Items listed in a dataset:
*** Begin section ***
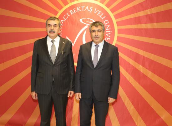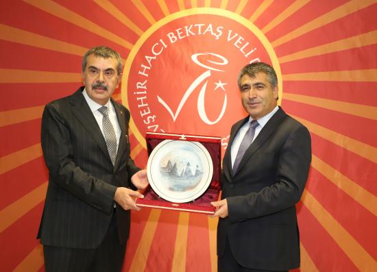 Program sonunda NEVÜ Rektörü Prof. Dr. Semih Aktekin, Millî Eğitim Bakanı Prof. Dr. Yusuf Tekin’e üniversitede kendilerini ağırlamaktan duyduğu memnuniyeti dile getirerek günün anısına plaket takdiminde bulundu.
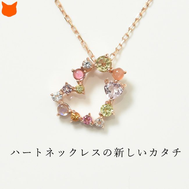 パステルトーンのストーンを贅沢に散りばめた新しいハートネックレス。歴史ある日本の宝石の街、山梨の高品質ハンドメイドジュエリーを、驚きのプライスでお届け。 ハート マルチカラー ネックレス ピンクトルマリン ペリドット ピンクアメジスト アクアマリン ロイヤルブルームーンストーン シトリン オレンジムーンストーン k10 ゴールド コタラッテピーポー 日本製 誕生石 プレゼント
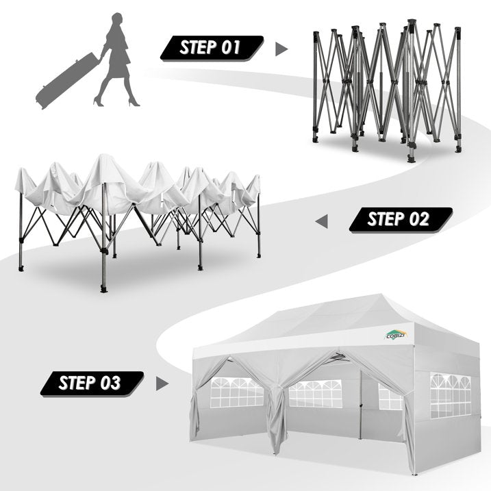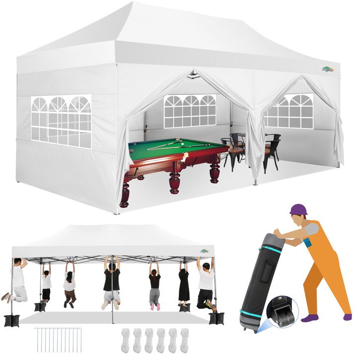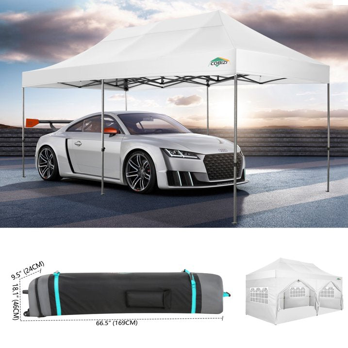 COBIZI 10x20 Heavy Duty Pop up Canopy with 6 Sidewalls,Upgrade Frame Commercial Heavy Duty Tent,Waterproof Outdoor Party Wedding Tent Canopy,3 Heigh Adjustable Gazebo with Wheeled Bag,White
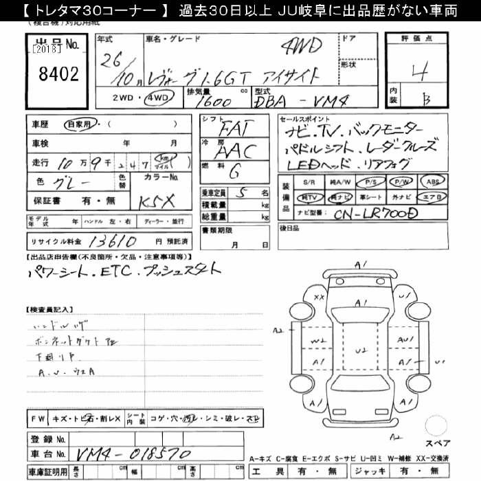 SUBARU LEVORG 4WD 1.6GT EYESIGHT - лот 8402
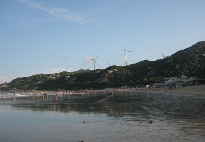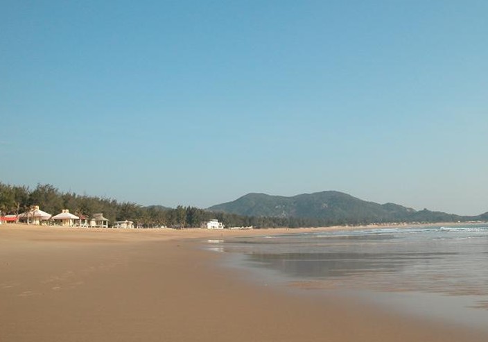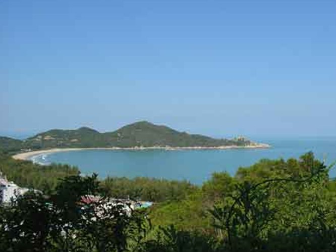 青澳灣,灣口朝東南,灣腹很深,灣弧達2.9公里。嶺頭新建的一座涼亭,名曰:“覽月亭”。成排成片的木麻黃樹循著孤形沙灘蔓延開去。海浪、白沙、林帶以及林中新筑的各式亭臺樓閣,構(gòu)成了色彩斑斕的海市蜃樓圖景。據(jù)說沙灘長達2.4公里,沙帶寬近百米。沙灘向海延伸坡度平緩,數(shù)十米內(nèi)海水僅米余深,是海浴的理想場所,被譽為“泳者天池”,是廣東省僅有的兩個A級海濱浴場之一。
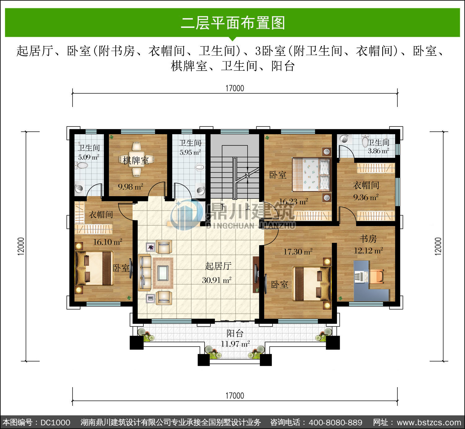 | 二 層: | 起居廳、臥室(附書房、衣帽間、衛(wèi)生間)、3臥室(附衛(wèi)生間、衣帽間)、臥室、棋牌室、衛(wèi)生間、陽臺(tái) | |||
*** End section ***
- [Your goal]: A precise copy of each record, with the images removed, should be output.

- [Result for this exercise]:
 Program sonunda NEVÜ Rektörü Prof. Dr. Semih Aktekin, Millî Eğitim Bakanı Prof. Dr. Yusuf Tekin’e üniversitede kendilerini ağırlamaktan duyduğu memnuniyeti dile getirerek günün anısına plaket takdiminde bulundu.
 パステルトーンのストーンを贅沢に散りばめた新しいハートネックレス。歴史ある日本の宝石の街、山梨の高品質ハンドメイドジュエリーを、驚きのプライスでお届け。 ハート マルチカラー ネックレス ピンクトルマリン ペリドット ピンクアメジスト アクアマリン ロイヤルブルームーンストーン シトリン オレンジムーンストーン k10 ゴールド コタラッテピーポー 日本製 誕生石 プレゼント
 COBIZI 10x20 Heavy Duty Pop up Canopy with 6 Sidewalls,Upgrade Frame Commercial Heavy Duty Tent,Waterproof Outdoor Party Wedding Tent Canopy,3 Heigh Adjustable Gazebo with Wheeled Bag,White
 SUBARU LEVORG 4WD 1.6GT EYESIGHT - лот 8402
 青澳灣,灣口朝東南,灣腹很深,灣弧達2.9公里。嶺頭新建的一座涼亭,名曰:“覽月亭”。成排成片的木麻黃樹循著孤形沙灘蔓延開去。海浪、白沙、林帶以及林中新筑的各式亭臺樓閣,構(gòu)成了色彩斑斕的海市蜃樓圖景。據(jù)說沙灘長達2.4公里,沙帶寬近百米。沙灘向海延伸坡度平緩,數(shù)十米內(nèi)海水僅米余深,是海浴的理想場所,被譽為“泳者天池”,是廣東省僅有的兩個A級海濱浴場之一。
 | 二 層: | 起居廳、臥室(附書房、衣帽間、衛(wèi)生間)、3臥室(附衛(wèi)生間、衣帽間)、臥室、棋牌室、衛(wèi)生間、陽臺(tái) | |||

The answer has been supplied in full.